## What to work on
Return the stretch from the line with "I already had" through the line with "포인트레예스 내셔널시쇼어(Point Reyes" in the data below, character for character, skipping all pictures.

## Recorded data
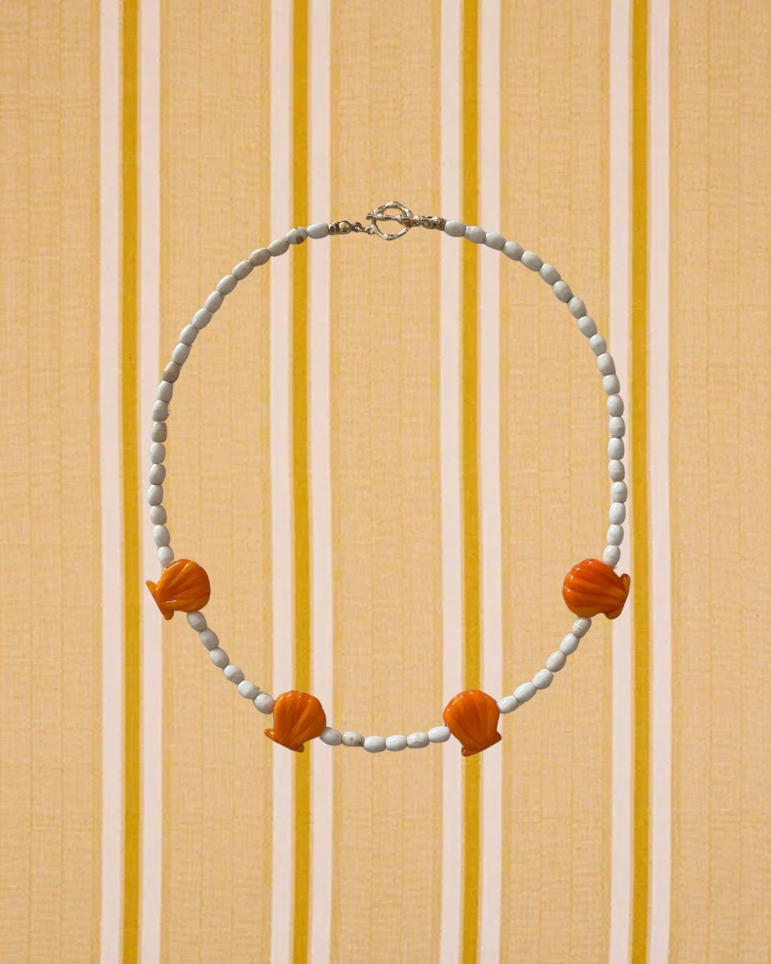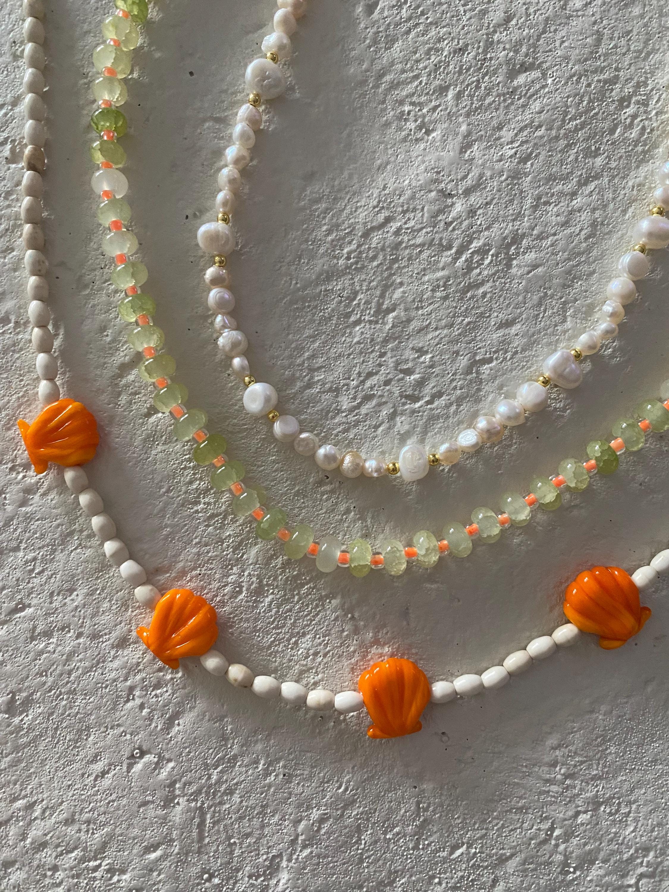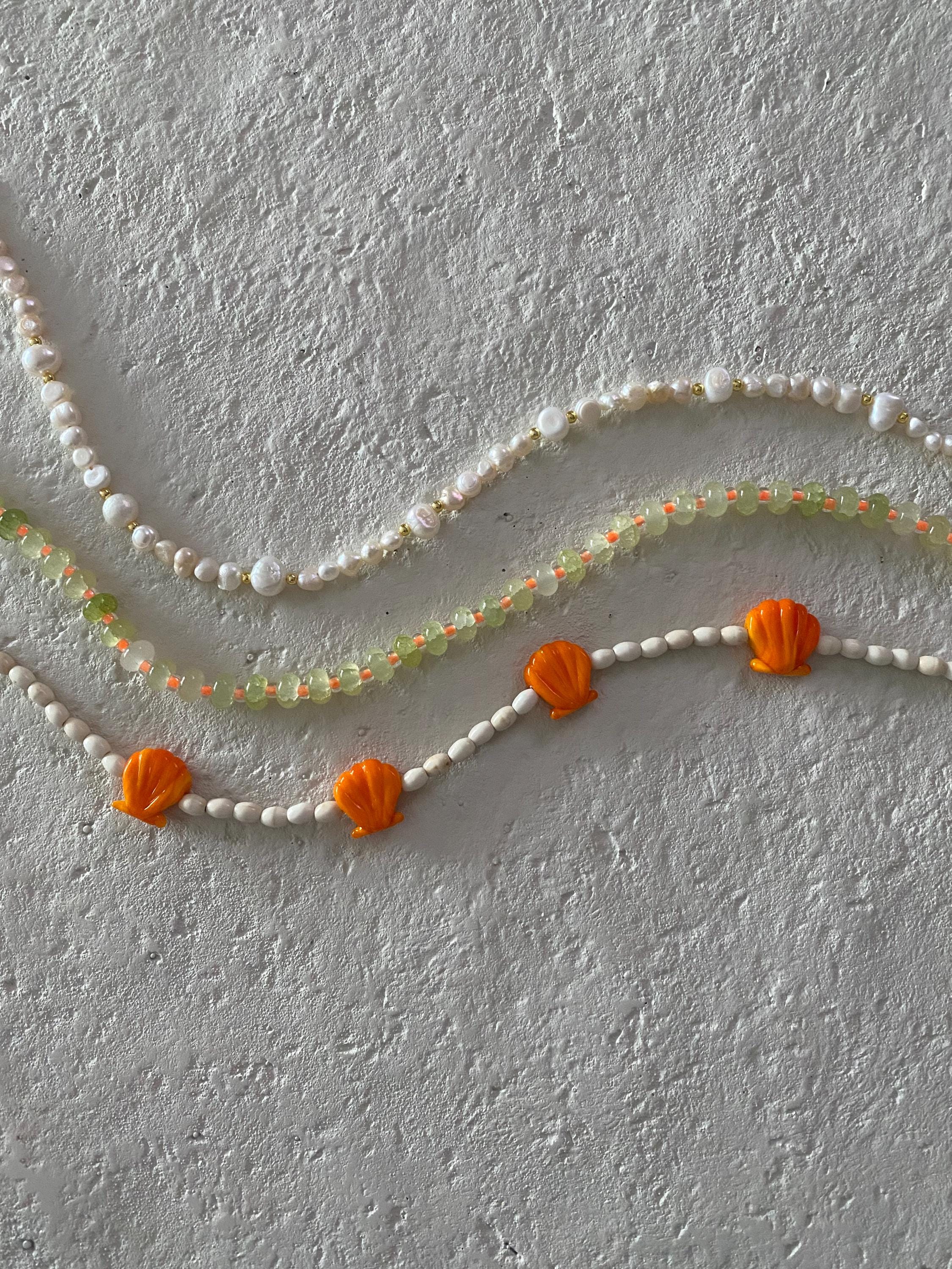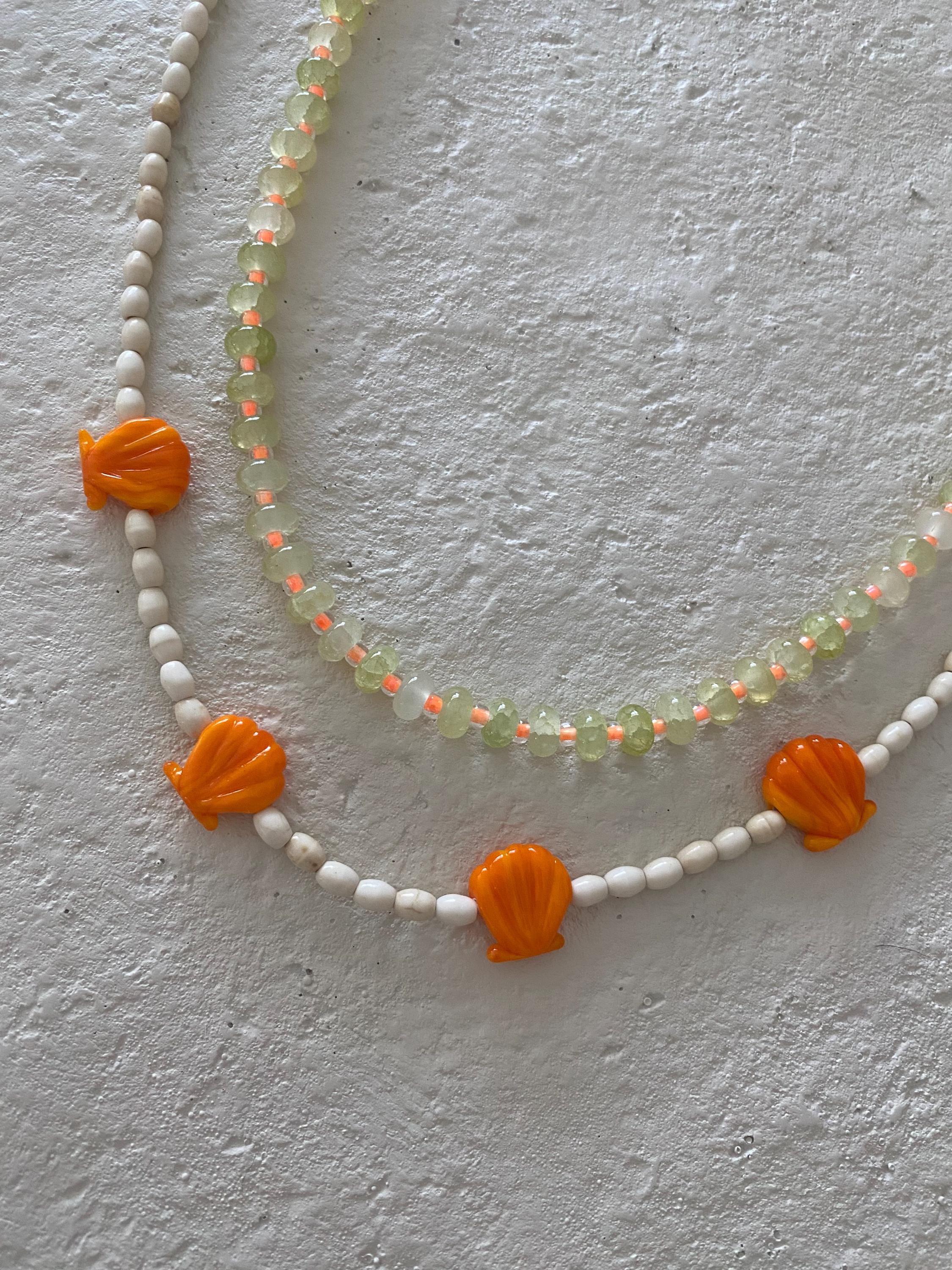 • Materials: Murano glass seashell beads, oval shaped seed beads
* * *
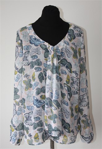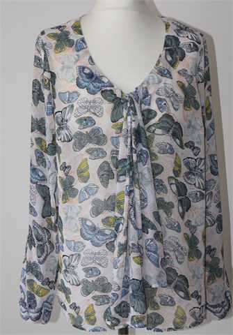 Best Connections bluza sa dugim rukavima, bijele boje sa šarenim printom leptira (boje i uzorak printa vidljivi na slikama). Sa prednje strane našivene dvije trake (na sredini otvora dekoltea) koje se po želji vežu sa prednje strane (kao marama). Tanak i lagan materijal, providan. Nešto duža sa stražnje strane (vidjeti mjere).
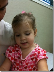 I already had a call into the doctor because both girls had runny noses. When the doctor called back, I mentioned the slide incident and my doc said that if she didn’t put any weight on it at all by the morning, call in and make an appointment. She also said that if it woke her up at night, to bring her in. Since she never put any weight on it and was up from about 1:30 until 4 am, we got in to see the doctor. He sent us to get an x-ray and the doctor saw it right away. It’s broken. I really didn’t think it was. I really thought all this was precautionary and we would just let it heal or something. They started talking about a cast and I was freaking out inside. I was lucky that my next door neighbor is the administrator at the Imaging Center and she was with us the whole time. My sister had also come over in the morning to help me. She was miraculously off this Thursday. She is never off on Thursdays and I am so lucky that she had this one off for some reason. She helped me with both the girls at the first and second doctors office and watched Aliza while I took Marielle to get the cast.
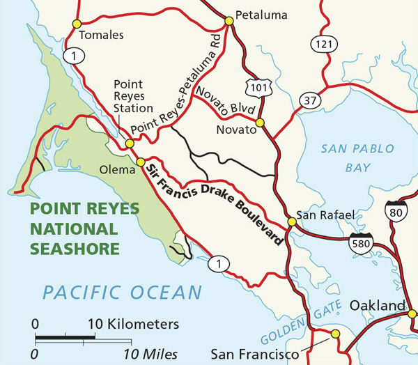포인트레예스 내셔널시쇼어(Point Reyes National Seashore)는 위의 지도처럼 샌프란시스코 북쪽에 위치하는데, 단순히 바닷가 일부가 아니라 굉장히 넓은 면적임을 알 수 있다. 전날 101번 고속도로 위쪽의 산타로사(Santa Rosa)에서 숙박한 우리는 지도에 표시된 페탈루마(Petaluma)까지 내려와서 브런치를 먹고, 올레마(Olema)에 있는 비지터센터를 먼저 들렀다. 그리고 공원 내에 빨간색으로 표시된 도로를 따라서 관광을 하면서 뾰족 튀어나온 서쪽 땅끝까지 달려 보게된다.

## Solution for this problem
 I already had a call into the doctor because both girls had runny noses. When the doctor called back, I mentioned the slide incident and my doc said that if she didn’t put any weight on it at all by the morning, call in and make an appointment. She also said that if it woke her up at night, to bring her in. Since she never put any weight on it and was up from about 1:30 until 4 am, we got in to see the doctor. He sent us to get an x-ray and the doctor saw it right away. It’s broken. I really didn’t think it was. I really thought all this was precautionary and we would just let it heal or something. They started talking about a cast and I was freaking out inside. I was lucky that my next door neighbor is the administrator at the Imaging Center and she was with us the whole time. My sister had also come over in the morning to help me. She was miraculously off this Thursday. She is never off on Thursdays and I am so lucky that she had this one off for some reason. She helped me with both the girls at the first and second doctors office and watched Aliza while I took Marielle to get the cast.
포인트레예스 내셔널시쇼어(Point Reyes National Seashore)는 위의 지도처럼 샌프란시스코 북쪽에 위치하는데, 단순히 바닷가 일부가 아니라 굉장히 넓은 면적임을 알 수 있다. 전날 101번 고속도로 위쪽의 산타로사(Santa Rosa)에서 숙박한 우리는 지도에 표시된 페탈루마(Petaluma)까지 내려와서 브런치를 먹고, 올레마(Olema)에 있는 비지터센터를 먼저 들렀다. 그리고 공원 내에 빨간색으로 표시된 도로를 따라서 관광을 하면서 뾰족 튀어나온 서쪽 땅끝까지 달려 보게된다.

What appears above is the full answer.